Daimi dişlerin 12 yaşında tamamlandığını, bunların da korunmasının en az süt dişleri kadar önemli olduğunu ifade eden Bekçi, “Dişlerde meydana gelen çürükler tedavi edilmezse önce iç dokularında, daha sonra kök ucu ve çevresinde iltihap oluşturur. Bu da tedavi edilmezse önce çevre dokularda, daha sonra yüz bölgesinde yaygın abselere, hattâ daha da ilerleyerek menenjit, beyin absesi, beyin ödemi gibi çok ciddi durumlaa yol açabilir.” dedi.

Dt. Bekçi, küçük bir çürükte bulunan mikroorganizmaların özellikle kalp, eklem romatizması, böbrek ve karaciğer gibi kronik hastalığı olan, vücut direnci düşük kişilerde kan yoluyla başka bir bölgedeki organa yerleşerek hastalık meydana getirebildiğini ifade etti: “Aynı şekilde vücut içinde bir protezi varsa ona da zarar verebilir. Bu nedenle bu tür hastaların, diş hekimi kontrolüne ekstra hassasiyet göstermesi hayati önem taşımaktadır. Ayrıca kalp kapağı, kalça, diz gibi dahili protez uygulamaları, organ veya kök hücre nakli gibi operasyonlardan önce mutlaka dişler tedavi edilmeli, edilemeyecekler çekilmeli ve diş taşları temizlenmelidir.”
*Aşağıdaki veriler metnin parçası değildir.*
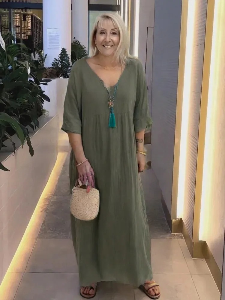 V-neck Irregular Multi-Color Multi-Size Long Large Hem Dress
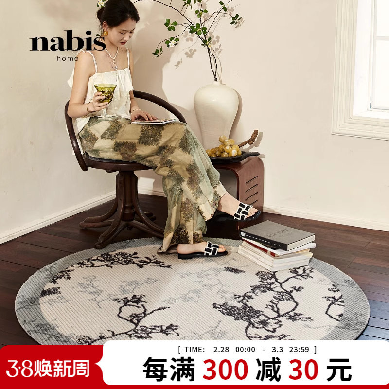 蜡笔派梅花圆形羊毛地毯轻奢高级感东方时尚书房镜前毯卧室床边毯

Gebeliğin de diş sağlığına özellikle eğilinmesi gereken bir süreç olduğunu vurgulayan Nilüfer Bekçi, şunları kaydetti: “İlk üç ve son iki aylarda dental işlemler tehlikelidir. Bu nedenle gebelik planlandığında önce dişlerin kontrol ve tedavi edilmesi şarttır. Çok gerekli ve acil durumlarda, ikinci üç aylık dönemin tercih edilmelidir. Herkesi mutlaka günde en az iki kere, bütün dişlerinin her yüzeyi en az 10 darbe alacak şekilde fırçalamasıdır. Dişlerin fırça değmeyen ara yüzlerini de günde bir kez diş ipiyle temizlemek gerekir. Dişler iyi fırçalanmaz, plak bırakılırsa çürüklerin yanısıra tükürükten gelen kalsiyumun üzerinde yoğunlaşıp sertleşmesiyle diş taşları meydana gelir, ayrıca dişetleri iltihaplanır. Dişetinde kızarıklık, kanama ve ağız kokusuyla başlayan bu hastalık, dişetlerinin köke doğru çekilmesine ve çevresindeki kemiğin erimesi sonucu dişin sallanmasına kadar gider ve dişin kaybıyla sonuçlanır.”